Install the package:

$npm install news-rss-scraper

Then use it in your code:

const { scrapeNews } = require('news-rss-scraper');
(async () => {
const results = await scrapeNews({
fetch_full_articles: false,
preset_feed: 'techcrunch',
max_results: 5
});
console.log(results);
})();

🌐 Proxy Configuration

To avoid IP‑based blocking, especially for high‑volume scraping, you can configure proxies. The actor integrates seamlessly with Apify Proxy.

PropertyTypeDescription
useApifyProxyBooleanIf true, enables Apify Proxy. Default: true.
apifyProxyGroupsArrayProxy groups: ["RESIDENTIAL"], ["DATACENTER"], or ["SHADER"]. Residential is recommended for news sites.
proxyUrlsArrayCustom proxy URLs (e.g., ["http://user:pass@proxy.example.com:8080"]). Ignored if useApifyProxy is true.

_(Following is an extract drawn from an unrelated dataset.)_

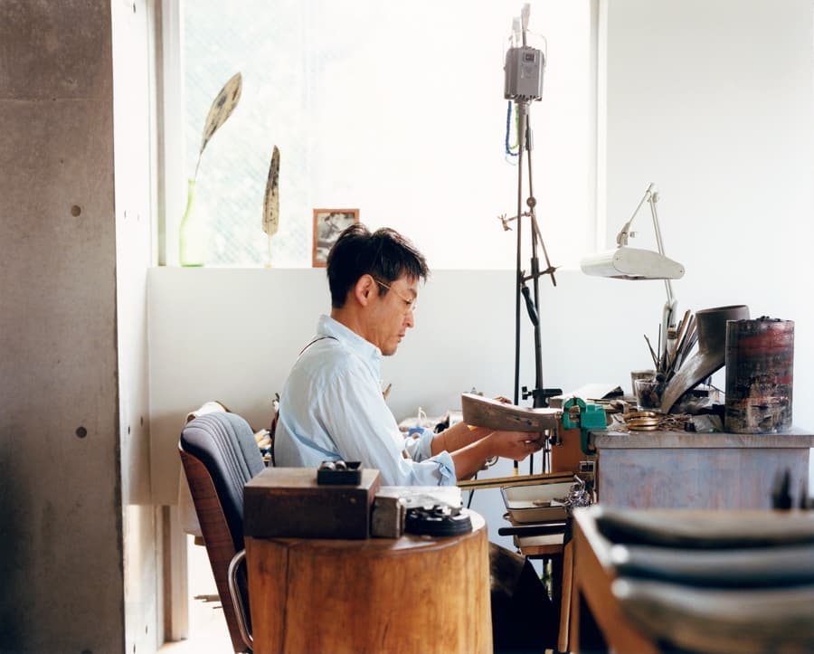 一方で漆は湿度と空気に反応しながら硬化し続け、時間とともに強度を増していく。相反する性質が一つの表面に共存すること。その緊張関係こそが、彼にとっての美しさだという。「革自体はやっぱり柔らかくなっていく。ただ表面の漆は硬くなっている。この相反する動きをする二つの素材の経年というのは面白いんです。重要文化財として奈良時代に作られた漆皮箱が東京国立博物館にありますが、漆革は千年以上持つんです。でも、千年っていうレベルのものを扱っていると、いわゆるレザープロダクトで言われる十年の経年は短すぎるんです。もっと年月を耐えられるものを作りたい。世間は、経年変化を欲しすぎたところがあるんじゃないか、って思うんです」。革という素材は本来、使い込むことで味わいが深まる“変化する素材”として語られることが多い。だが彼は、むしろ変わらないことの中に潜むわずかな変化に目を凝らす。表面が大きく変わらなくても、内部では確実に時間が蓄積されている。その見えない変化を受け入れることこそが、彼の言う“タイムレス”の感覚なのだ。

Example with custom proxies:

{
"proxyConfiguration": {
"useApifyProxy": false,
"proxyUrls": ["http://user:pass@123.45.67.89:8080"]
}
}

🧪 Advanced Options

OptionDescription
custom_feed_urlIf you need a feed not in the preset list, provide its full URL here.
full_content_typeWhen fetch_full_articles=true, choose "html" (raw HTML) or "text" (plain text stripped of tags).
timeout_secsTimeout for each individual article fetch. Increase if sites are slow.

❓ FAQ / Troubleshooting

Q: Why are some articles missing images?

A: Not all RSS feeds include image metadata. The actor tries to extract images from the <enclosure> tag or the <media:content> tag. If none exist, the image field will be null.

Q: How can I scrape a non‑English news site?

A: Simply provide its RSS feed URL in custom_feed_url. The actor works with any valid RSS/Atom feed regardless of language.

Q: I'm getting blocked / timeouts.

A: Enable residential proxies (apifyProxyGroups: ["RESIDENTIAL"]) and reduce max_results to stay under rate limits. You can also increase timeout_secs.

Q: Can I run this Actor for free?

A: On Apify, each run consumes platform credits. Check Apify pricing for details. A small number of runs may be covered by the free tier.